Monday, March 21, 2011

Maybe the clothes don't make the man

My journey to the dark side is now complete.

Last week I picked up two pair of dress pants from the catalog department of a local department store to replace two pair of worn-out Dockers I bought when I joined the law firm.

Now I have a week's worth of dress pants and just more than a week's worth of dress shirts hanging in my closet, a slow accumulation from purchases during the last 11 months.

I bought all this stuff because my boss thinks that you're more likely to produce professional work if you dress professionally. To that I say, pish tosh.

You see, we dress in business casual -- dress shirt, slacks, nicer shoes. No ties, no suit coats/blazers, though the lawyers are supposed to have those items handy in case they are going to meet a client. And on Fridays, we can wear jeans and athletic shoes.

I doubt you could demonstrate that productivity is less on Fridays than the rest of the week, and that if we do show a dip it's more related to the way we dress than it being Friday and we're ready for the weekend.

I'm doing the same kind of work as I did at the newspaper, where I dressed Friday casual all the time, and the boll weevil foundation, where the concept was that we dressed at the level of our clients, i.e., cotton farmers.

Curiously, whenever we were going to have a board meeting at the foundation, staff were expected to dress up -- you know, professionally. The board members, most of whom were cotton farmers, dressed like, well, cotton farmers.

If a state ag or USDA official was expected, then you'd see senior staff wearing ties, though the rest of us didn't have to follow suit because we'd be tucked away out of sight.

I never noticed any real change in efficiency or ability that came about because of a change of clothes. Of course, this isn't research, only anecdotal evidence.

But what constitutes professional dress? Plumbers don't wear suits and ties, and athletes don't wear jeans and work shirts. Clowns wear parodies of normal clothing. Doesn't make them any less professional.

I've known all sorts of workers who dress "professionally" according to whatever standard that is in their vocation who are incompetent, and workers who dress like bums who can work circles around their professionally clad co-workers.

Sure, for some people, dressing a certain way puts them in a frame of mind, but it's the frame of mind that counts, not the clothes. What's that saying about lipstick and pigs?

But the clothes are a requirement of the job, and they're comfortable enough. But when I come home, the lipstick comes off.

Saturday, March 5, 2011

Mini-vacation diary, Part the tercero

Sunday. We have to go home today. I really like this lazing about, traveling hither and yon, seeing new things, learning new things.

Breakfast turns into an exercise experience for me. The elevator is small and induces claustrophobia, and we're only on the second floor, so I walk down to get some OJ, then back up to the room, where I realize we need some napkins. So, it's back down the stairs and up, and when I return to the room and realize I need something else. Down and up, one more time.

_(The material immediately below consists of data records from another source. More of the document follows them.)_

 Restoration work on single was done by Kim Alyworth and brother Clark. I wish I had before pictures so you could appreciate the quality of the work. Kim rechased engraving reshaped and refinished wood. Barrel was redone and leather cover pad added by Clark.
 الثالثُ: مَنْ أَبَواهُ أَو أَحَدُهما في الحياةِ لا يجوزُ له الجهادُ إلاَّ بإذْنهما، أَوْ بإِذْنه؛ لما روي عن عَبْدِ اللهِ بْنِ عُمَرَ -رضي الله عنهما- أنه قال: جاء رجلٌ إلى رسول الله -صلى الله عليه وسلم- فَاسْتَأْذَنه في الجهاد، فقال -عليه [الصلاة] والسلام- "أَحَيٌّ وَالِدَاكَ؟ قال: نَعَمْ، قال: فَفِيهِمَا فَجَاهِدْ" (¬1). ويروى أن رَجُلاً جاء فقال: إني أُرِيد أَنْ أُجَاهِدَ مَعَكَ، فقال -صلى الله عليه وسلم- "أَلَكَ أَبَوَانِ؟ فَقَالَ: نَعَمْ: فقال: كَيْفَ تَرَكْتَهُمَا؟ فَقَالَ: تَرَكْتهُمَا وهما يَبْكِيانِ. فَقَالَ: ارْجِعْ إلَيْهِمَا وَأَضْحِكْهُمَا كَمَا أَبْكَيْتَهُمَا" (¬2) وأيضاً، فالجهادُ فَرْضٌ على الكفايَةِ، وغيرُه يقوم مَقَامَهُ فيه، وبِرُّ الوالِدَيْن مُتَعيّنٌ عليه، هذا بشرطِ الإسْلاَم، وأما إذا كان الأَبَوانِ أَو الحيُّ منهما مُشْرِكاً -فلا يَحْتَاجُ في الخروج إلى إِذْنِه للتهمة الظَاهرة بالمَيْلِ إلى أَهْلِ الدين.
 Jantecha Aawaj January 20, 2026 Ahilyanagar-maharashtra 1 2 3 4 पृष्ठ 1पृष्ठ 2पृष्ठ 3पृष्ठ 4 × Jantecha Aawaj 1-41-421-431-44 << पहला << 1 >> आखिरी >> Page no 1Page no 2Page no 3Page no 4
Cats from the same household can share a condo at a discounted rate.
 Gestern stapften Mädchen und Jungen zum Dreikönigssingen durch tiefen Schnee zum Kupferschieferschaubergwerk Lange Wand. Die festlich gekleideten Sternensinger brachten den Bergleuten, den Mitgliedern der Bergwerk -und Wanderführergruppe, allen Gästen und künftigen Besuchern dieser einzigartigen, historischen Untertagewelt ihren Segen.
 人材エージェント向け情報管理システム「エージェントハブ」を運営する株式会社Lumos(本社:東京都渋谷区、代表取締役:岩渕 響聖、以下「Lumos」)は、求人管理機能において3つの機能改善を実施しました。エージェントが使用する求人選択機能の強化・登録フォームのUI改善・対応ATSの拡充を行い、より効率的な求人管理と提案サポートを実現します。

Mercy.

We pack our belongings, turn in the card keys and jump in the Cube. First stop is downtown again so we can take some pictures because we forgot the camera the first night. (http://www.flickr.com/photos/moconn852/sets/72157626076456685/)

Then we hit the road, headed for Calvert, Texas, pop. 1208. When we stopped by on Friday to buy our tour guide, pretty much everyone we talked to either thanked us or welcomed us to Calvert, always using the town name. Like it was a chamber of commerce plot. But they seemed genuine enough.

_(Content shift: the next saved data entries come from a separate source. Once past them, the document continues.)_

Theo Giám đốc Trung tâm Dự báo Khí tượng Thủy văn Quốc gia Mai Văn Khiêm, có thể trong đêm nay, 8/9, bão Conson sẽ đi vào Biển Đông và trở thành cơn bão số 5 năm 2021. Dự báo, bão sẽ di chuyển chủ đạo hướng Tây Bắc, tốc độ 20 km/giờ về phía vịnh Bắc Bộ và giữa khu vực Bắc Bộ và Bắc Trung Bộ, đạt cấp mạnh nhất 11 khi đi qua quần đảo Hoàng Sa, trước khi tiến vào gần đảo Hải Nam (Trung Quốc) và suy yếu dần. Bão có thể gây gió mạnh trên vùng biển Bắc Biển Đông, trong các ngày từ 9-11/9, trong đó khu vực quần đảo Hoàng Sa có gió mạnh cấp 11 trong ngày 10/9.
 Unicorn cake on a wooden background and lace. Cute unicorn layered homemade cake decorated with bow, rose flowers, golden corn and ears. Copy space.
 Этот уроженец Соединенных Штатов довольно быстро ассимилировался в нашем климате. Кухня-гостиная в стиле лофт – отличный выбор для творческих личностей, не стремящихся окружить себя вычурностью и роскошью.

The same happened on our return, but none of the people we'd seen on Friday seemed to remember us from the first stop. Probably had way too many folks stop by on Saturday to keep all the tourists straight.

Calvert was built by King Cotton and coal and is named after Robert Calvert, a descendant of Lord Baltimore. Residents were fond of the Victorian and Colonial revival styles. You'll see lots of columns and lots of color.

While wandering about taking pictures, I often walked downed the middle of the road with no fear of being run down by a car. The roads are a combination of paved and very well maintained dirt.

A local driving by stopped and roll her window down, introducing herself to us as Bette Gregory, a local realtor. She wondered if we might be interested in a house (several are for sale, including some with historical markers on them.) We said no, that we were just taking the tour, and she thanked us for coming to Calvert.

We spent hours driving and walking around town, Sharon reading from the tour guide, me shooting pictures.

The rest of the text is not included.